» Source data:

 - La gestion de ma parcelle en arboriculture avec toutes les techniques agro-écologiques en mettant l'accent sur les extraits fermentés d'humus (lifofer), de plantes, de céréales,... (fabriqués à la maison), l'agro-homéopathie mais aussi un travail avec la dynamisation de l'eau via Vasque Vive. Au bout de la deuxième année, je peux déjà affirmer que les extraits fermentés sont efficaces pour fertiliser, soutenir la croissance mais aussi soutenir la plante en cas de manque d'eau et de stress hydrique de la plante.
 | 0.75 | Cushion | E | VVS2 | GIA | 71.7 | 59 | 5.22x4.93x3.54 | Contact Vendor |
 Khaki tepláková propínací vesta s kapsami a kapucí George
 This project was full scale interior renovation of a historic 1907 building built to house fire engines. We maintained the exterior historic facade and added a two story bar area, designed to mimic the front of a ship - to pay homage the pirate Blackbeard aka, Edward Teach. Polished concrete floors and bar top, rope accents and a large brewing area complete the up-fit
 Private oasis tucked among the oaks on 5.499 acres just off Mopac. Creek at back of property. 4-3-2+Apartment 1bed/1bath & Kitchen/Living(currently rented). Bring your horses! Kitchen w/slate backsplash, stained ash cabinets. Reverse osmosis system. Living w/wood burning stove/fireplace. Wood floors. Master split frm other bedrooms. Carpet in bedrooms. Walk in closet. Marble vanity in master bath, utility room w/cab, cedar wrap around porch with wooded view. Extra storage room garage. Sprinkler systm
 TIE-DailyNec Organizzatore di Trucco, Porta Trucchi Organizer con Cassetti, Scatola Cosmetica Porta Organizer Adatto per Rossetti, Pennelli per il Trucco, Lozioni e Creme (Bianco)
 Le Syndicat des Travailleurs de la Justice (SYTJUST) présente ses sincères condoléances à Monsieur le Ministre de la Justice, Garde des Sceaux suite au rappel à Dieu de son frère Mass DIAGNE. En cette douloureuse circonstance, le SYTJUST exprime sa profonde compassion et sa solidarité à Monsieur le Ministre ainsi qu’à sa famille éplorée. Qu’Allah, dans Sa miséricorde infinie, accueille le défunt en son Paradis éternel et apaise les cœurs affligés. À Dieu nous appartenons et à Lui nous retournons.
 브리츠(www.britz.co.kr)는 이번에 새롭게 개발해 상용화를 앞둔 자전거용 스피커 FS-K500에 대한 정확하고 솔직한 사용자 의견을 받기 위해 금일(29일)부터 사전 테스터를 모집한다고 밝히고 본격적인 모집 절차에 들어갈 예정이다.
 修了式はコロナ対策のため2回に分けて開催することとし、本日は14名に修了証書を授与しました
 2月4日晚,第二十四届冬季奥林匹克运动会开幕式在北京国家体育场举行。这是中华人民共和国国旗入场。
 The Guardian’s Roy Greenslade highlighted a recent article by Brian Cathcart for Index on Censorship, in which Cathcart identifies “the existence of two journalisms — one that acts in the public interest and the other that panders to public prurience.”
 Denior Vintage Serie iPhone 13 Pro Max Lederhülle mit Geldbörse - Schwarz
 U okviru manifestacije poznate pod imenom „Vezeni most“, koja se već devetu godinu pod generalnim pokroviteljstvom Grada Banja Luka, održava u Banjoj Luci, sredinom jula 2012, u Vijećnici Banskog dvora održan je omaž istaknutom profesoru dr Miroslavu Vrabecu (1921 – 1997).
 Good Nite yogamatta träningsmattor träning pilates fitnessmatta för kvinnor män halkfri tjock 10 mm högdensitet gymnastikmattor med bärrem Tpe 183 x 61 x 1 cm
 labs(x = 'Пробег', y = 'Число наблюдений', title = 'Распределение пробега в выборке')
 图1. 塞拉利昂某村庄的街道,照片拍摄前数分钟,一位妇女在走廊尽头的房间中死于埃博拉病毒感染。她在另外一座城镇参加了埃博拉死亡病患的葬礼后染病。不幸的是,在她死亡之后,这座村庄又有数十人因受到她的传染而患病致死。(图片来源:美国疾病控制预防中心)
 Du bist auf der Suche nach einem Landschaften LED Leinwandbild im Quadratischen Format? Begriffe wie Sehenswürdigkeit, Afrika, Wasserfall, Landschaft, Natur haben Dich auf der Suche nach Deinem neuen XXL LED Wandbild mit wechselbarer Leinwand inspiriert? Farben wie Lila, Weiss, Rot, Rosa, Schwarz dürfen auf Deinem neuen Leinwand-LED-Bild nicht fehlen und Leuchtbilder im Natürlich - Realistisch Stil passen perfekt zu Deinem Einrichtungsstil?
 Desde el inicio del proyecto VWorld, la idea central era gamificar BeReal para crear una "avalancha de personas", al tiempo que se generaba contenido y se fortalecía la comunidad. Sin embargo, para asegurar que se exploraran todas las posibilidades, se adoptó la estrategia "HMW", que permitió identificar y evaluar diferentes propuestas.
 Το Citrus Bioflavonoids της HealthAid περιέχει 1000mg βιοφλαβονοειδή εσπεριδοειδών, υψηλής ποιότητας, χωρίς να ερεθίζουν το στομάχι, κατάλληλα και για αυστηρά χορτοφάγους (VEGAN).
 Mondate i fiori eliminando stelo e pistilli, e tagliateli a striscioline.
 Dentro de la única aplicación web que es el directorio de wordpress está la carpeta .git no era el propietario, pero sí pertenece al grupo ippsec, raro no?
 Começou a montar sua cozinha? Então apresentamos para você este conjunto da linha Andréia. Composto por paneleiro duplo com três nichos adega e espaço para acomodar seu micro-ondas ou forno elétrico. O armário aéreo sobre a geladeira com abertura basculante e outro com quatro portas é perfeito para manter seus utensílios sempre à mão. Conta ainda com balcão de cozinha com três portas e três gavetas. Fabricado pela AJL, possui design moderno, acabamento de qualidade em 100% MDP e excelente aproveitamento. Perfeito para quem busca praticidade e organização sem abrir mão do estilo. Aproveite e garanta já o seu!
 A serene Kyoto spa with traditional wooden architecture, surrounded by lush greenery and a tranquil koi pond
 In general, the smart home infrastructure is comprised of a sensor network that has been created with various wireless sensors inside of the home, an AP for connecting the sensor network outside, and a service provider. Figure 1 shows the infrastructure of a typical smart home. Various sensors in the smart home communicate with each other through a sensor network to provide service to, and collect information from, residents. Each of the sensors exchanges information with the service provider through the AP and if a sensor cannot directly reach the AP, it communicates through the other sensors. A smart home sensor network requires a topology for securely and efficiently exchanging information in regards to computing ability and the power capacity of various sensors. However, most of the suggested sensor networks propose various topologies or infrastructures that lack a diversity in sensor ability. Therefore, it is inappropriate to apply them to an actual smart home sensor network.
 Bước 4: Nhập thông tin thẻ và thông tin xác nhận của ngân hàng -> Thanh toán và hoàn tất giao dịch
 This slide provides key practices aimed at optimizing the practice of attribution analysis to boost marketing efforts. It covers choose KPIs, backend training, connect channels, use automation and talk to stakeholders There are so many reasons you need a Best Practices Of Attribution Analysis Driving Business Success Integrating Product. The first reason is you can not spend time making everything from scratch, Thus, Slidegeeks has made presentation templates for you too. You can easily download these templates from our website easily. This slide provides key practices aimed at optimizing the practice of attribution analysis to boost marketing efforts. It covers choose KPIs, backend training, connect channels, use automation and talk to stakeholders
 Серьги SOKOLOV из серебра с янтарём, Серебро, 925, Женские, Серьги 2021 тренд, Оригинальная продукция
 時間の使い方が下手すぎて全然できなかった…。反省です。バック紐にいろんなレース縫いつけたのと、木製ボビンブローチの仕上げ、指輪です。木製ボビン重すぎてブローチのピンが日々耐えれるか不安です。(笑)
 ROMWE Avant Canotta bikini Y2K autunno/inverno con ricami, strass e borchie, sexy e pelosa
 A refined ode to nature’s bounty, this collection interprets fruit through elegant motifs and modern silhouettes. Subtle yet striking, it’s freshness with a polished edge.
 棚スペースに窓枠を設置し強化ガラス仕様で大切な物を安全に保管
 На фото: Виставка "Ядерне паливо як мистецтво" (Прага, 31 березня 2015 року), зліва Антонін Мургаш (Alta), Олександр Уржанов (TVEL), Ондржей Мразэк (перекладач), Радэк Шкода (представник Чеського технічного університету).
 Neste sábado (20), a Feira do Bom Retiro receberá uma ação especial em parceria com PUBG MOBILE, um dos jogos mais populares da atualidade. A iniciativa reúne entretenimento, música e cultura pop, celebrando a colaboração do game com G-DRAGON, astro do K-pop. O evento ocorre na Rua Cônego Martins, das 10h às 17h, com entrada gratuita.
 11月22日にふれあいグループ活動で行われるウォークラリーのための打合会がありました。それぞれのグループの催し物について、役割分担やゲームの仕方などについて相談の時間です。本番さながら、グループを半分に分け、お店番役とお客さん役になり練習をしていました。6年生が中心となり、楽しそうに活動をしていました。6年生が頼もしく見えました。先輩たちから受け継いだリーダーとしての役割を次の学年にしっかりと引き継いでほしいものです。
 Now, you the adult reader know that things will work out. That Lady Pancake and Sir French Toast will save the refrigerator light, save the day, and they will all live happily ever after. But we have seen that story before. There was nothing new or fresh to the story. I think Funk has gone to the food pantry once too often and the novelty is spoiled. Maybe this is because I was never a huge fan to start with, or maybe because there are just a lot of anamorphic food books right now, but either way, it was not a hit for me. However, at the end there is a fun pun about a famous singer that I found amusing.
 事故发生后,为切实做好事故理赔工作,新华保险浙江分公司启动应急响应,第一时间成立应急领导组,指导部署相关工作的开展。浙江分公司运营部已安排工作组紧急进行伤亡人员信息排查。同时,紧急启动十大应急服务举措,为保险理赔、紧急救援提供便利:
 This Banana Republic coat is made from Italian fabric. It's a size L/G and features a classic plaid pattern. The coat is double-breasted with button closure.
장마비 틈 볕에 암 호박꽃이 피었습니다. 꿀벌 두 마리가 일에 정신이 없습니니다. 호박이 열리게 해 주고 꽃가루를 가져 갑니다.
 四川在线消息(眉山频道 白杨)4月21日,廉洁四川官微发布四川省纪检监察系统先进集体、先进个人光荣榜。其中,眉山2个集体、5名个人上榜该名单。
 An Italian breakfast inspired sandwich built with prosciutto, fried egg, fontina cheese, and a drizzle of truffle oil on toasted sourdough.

» Goal of the exercise:
Counting only the lines that include "Italian", state how many there are in the entries, and nothing else.

» Response to this task:
2